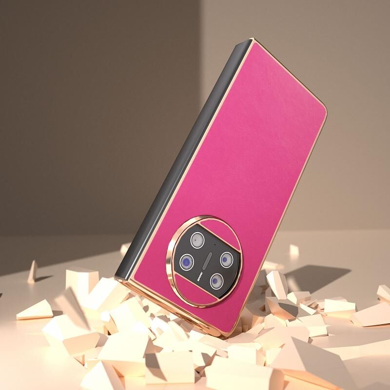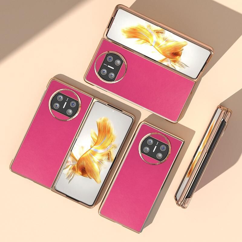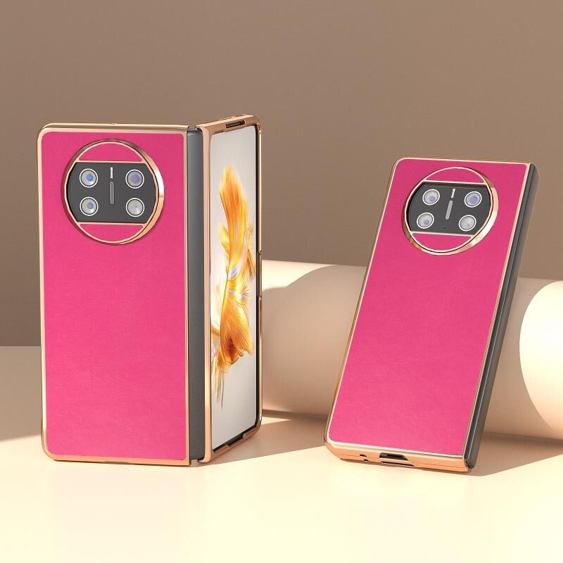 Για Huawei Mate X3 Ηλεκτρολυτική θήκη τηλεφώνου PU υφής Haze (Ροζέ κόκκινο)
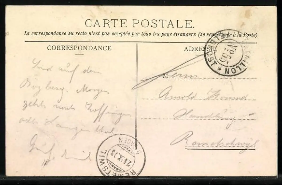 Personenbezogene Daten auf der Rückseite der Karte wurden durch blauen Textmarker unkenntlich gemacht. Die blauen Stellen sind auf die Vorderseite durchgeweicht und wirken sich negativ auf das Postkartenfoto aus
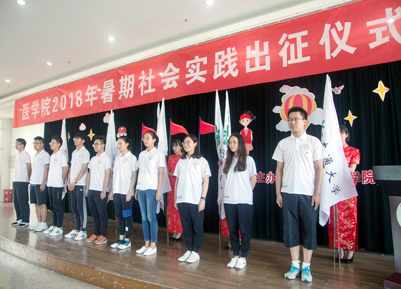 6月23日,医学院举行2018年暑期社会实践出征仪式。学院28支社会实践小分队全体成员及指导老师参加活动。
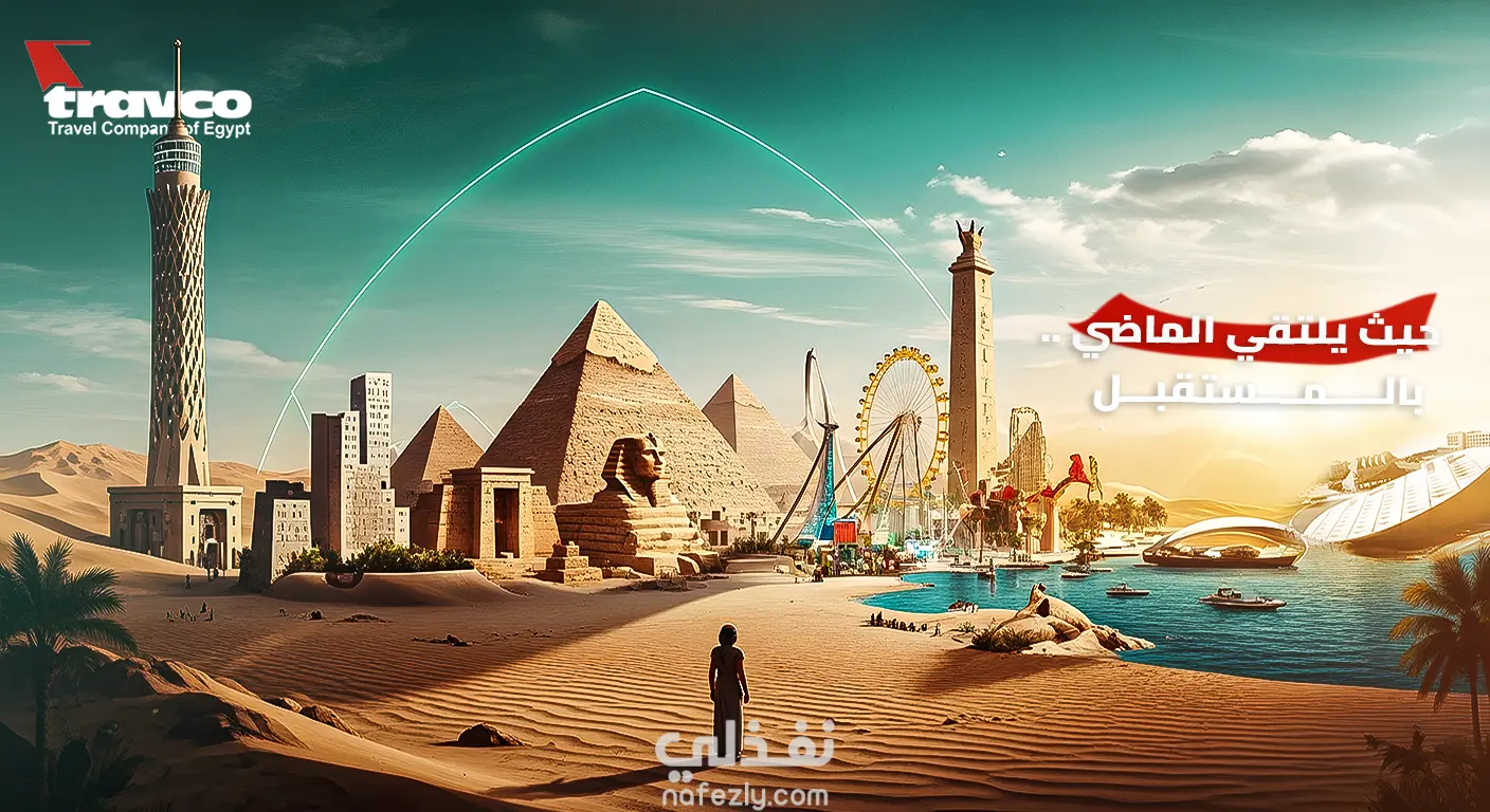تصميم إعلاني احترافي يعكس فخامة وتميز شركة Travco كواحدة من أكبر شركات السياحة في مصر. يركّز التصميم على إبراز الوجهات السياحية الفريدة التي تقدمها الشركة داخل مصر وخارجها، مثل شرم الشيخ، الغردقة، الأقصر، أسوان، ووجهات أوروبية وعربية شهيرة.
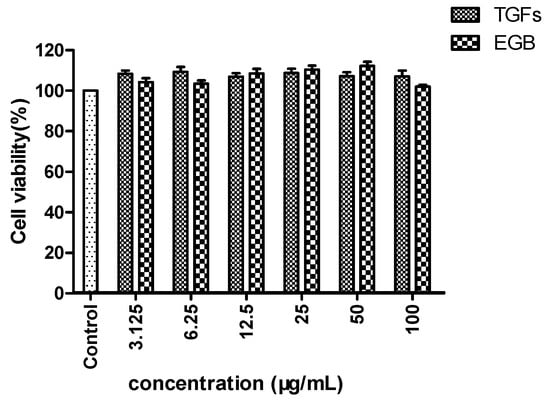 2.7.1. Cytotoxicity Effects of TGFs on Raw 264.7 Cells
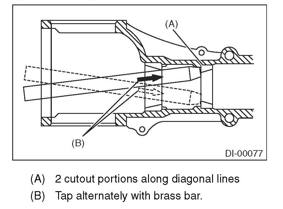 22) When replacing the bearings, use a brass bar to tap out the front bearing cup and rear bearing cup (in this order).
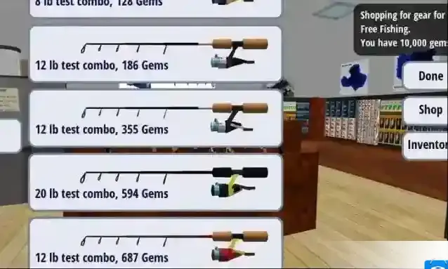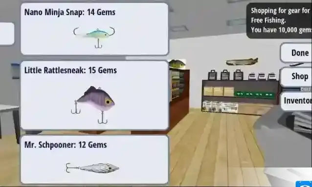 3、选好地点后需要去购买装备,点击shop按钮来购买不同的钓鱼装备。
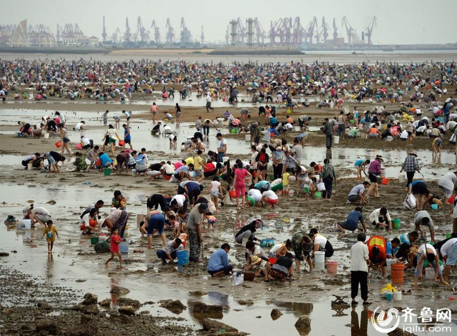 近日,日照岚山多岛海景区西侧海域,海水退潮后惊现万人“拾蛤大军”,长达3公里的海滩人满为患,竞相拾白蛤。据了解,万名“拾蛤大军”均来自附近村庄,这片水域白蛤原是人工放养,主人因故弃养,以致造成万人分享的热闹场景。 图片来源:齐鲁网
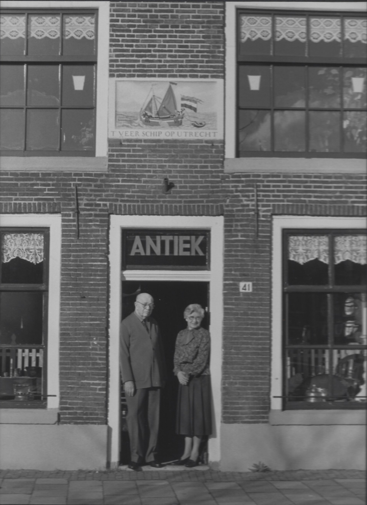 Johannes en Weina voor hun antiekzaak in Zwolle.
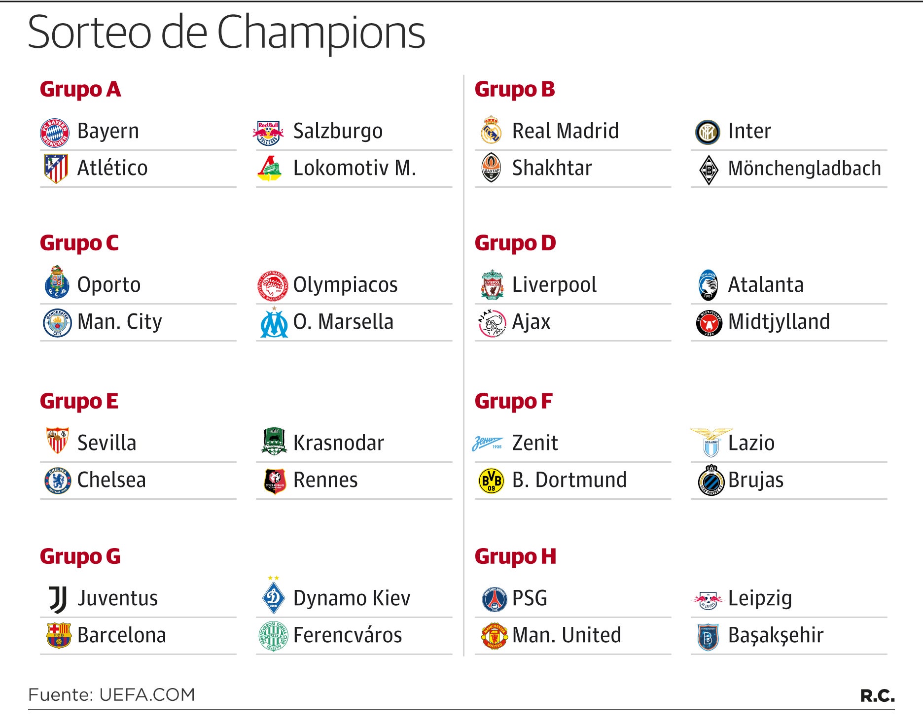 Los blancos se medirán a Shakhtar, Inter y Borussia Monchengladbach; los azulgranas a Juve, Dinamo de Kiev y Ferencváros; los colchoneros a Bayern, Salzburgo y Lokomotiv; y el Sevilla, a Chelsea, Krasnodar y Rennes

**Work to be completed**
Return all the lines above exactly; none of the pictures should appear.

**Task result**
 Για Huawei Mate X3 Ηλεκτρολυτική θήκη τηλεφώνου PU υφής Haze (Ροζέ κόκκινο)
 Personenbezogene Daten auf der Rückseite der Karte wurden durch blauen Textmarker unkenntlich gemacht. Die blauen Stellen sind auf die Vorderseite durchgeweicht und wirken sich negativ auf das Postkartenfoto aus
 6月23日,医学院举行2018年暑期社会实践出征仪式。学院28支社会实践小分队全体成员及指导老师参加活动。
تصميم إعلاني احترافي يعكس فخامة وتميز شركة Travco كواحدة من أكبر شركات السياحة في مصر. يركّز التصميم على إبراز الوجهات السياحية الفريدة التي تقدمها الشركة داخل مصر وخارجها، مثل شرم الشيخ، الغردقة، الأقصر، أسوان، ووجهات أوروبية وعربية شهيرة.
 2.7.1. Cytotoxicity Effects of TGFs on Raw 264.7 Cells
 22) When replacing the bearings, use a brass bar to tap out the front bearing cup and rear bearing cup (in this order).
 3、选好地点后需要去购买装备,点击shop按钮来购买不同的钓鱼装备。
 近日,日照岚山多岛海景区西侧海域,海水退潮后惊现万人“拾蛤大军”,长达3公里的海滩人满为患,竞相拾白蛤。据了解,万名“拾蛤大军”均来自附近村庄,这片水域白蛤原是人工放养,主人因故弃养,以致造成万人分享的热闹场景。 图片来源:齐鲁网
 Johannes en Weina voor hun antiekzaak in Zwolle.
 Los blancos se medirán a Shakhtar, Inter y Borussia Monchengladbach; los azulgranas a Juve, Dinamo de Kiev y Ferencváros; los colchoneros a Bayern, Salzburgo y Lokomotiv; y el Sevilla, a Chelsea, Krasnodar y Rennes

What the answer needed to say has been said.